### EXERCISE
Only the lines from the start of the data to the line containing "银锁纯银宝宝长命锁999足银项圈婴儿儿童首饰新生的儿见面礼银饰", both included, should be output, exactly and without pictures.

### RECORDED INFORMATION
____________________

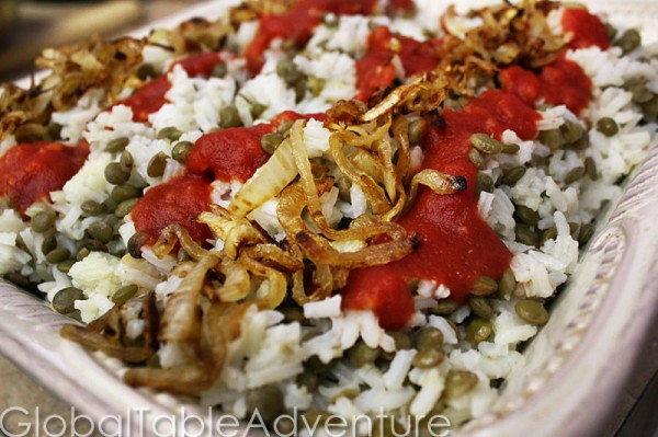 In Egypt, there are entire restaurants devoted soley to the production of Kushary. Giant vats are filled with the necessary ingredients and kept warm over low heat. With each order, a quick-moving server walks their ladle through the vats, filling the customer’s bowl up to the brim with pasta, rice, lentils, spicy tomato sauce, and fried onions. While it is difficult to reproduce this type of assembly at home, it is possible to layer all the ingredients in a casserole and keep warm. This is how we’ve approached this mega popular Egyptian dish.
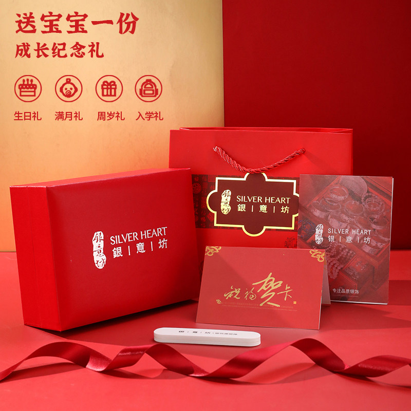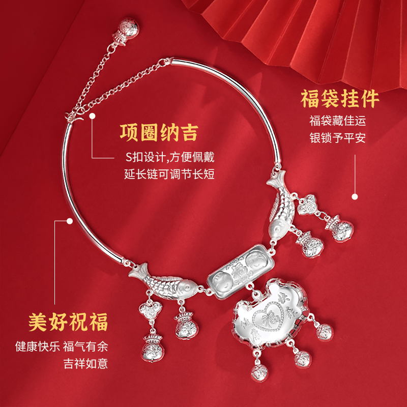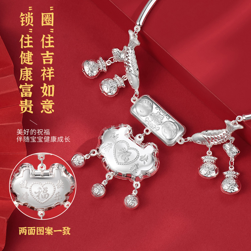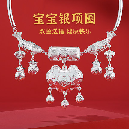 银锁纯银宝宝长命锁999足银项圈婴儿儿童首饰新生的儿见面礼银饰
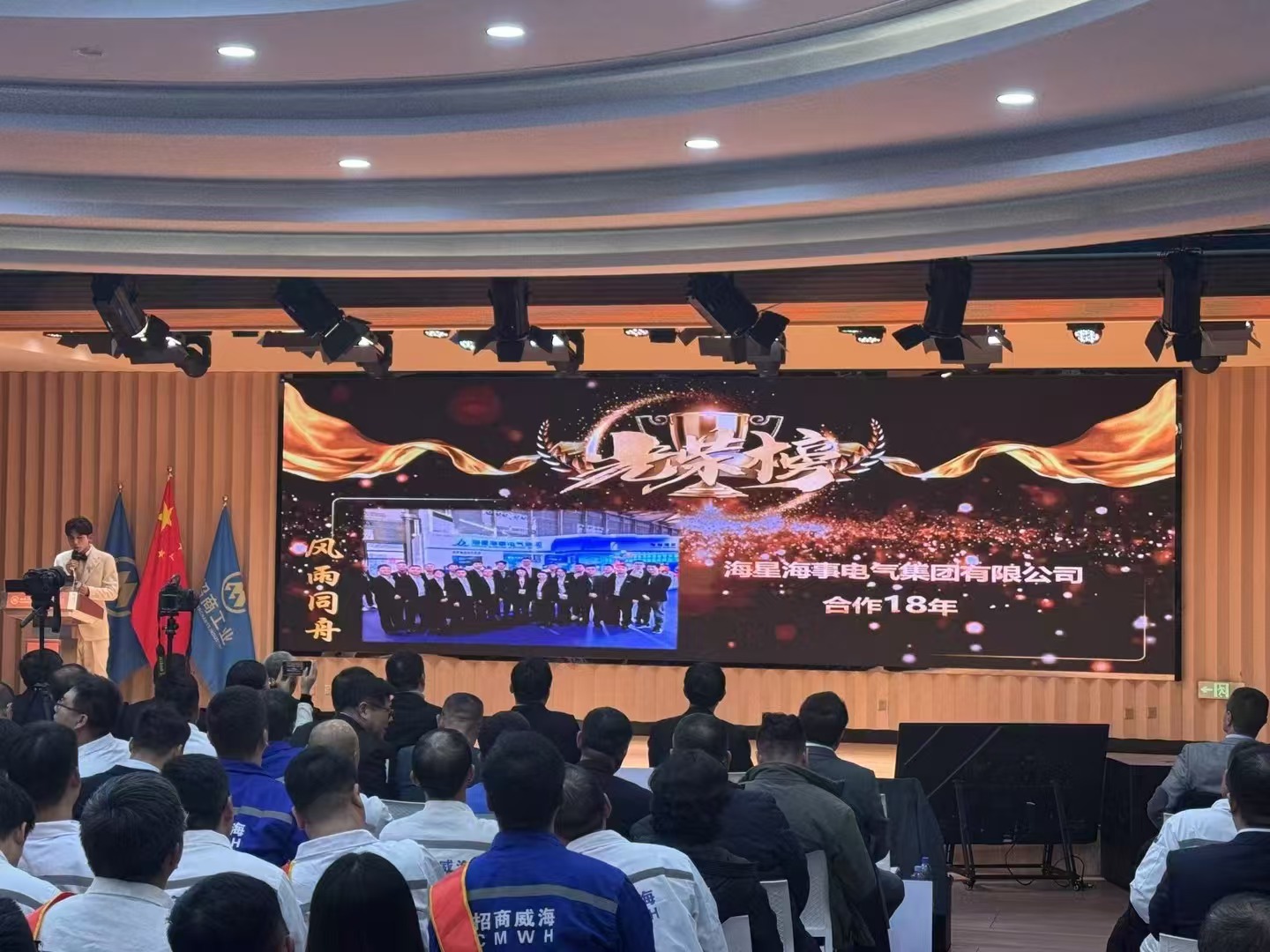 招商局金陵船舶(威海)有限公司与海星海事电气集团风雨同舟18余载,已建立深厚的合作关系。2024年海星集团先后为招商局金陵船舶(威海)有限公司3艘瑞典STENA船东高端豪华客滚船 、6艘新加坡东太平洋航运公司(EPS)的7000 车双燃料汽车滚装船以及 5座华科五洲(天津)海洋工程有限公司的自升自航式作业平台等诸多重大项目配套。此次获得“风雨同舟奖”的表彰,也代表了招商局金陵船舶(威海)有限公司对海星集团产品品质与服务的高度认可。

____________________

### RESPONSE TO THE EXERCISE
 In Egypt, there are entire restaurants devoted soley to the production of Kushary. Giant vats are filled with the necessary ingredients and kept warm over low heat. With each order, a quick-moving server walks their ladle through the vats, filling the customer’s bowl up to the brim with pasta, rice, lentils, spicy tomato sauce, and fried onions. While it is difficult to reproduce this type of assembly at home, it is possible to layer all the ingredients in a casserole and keep warm. This is how we’ve approached this mega popular Egyptian dish.
 银锁纯银宝宝长命锁999足银项圈婴儿儿童首饰新生的儿见面礼银饰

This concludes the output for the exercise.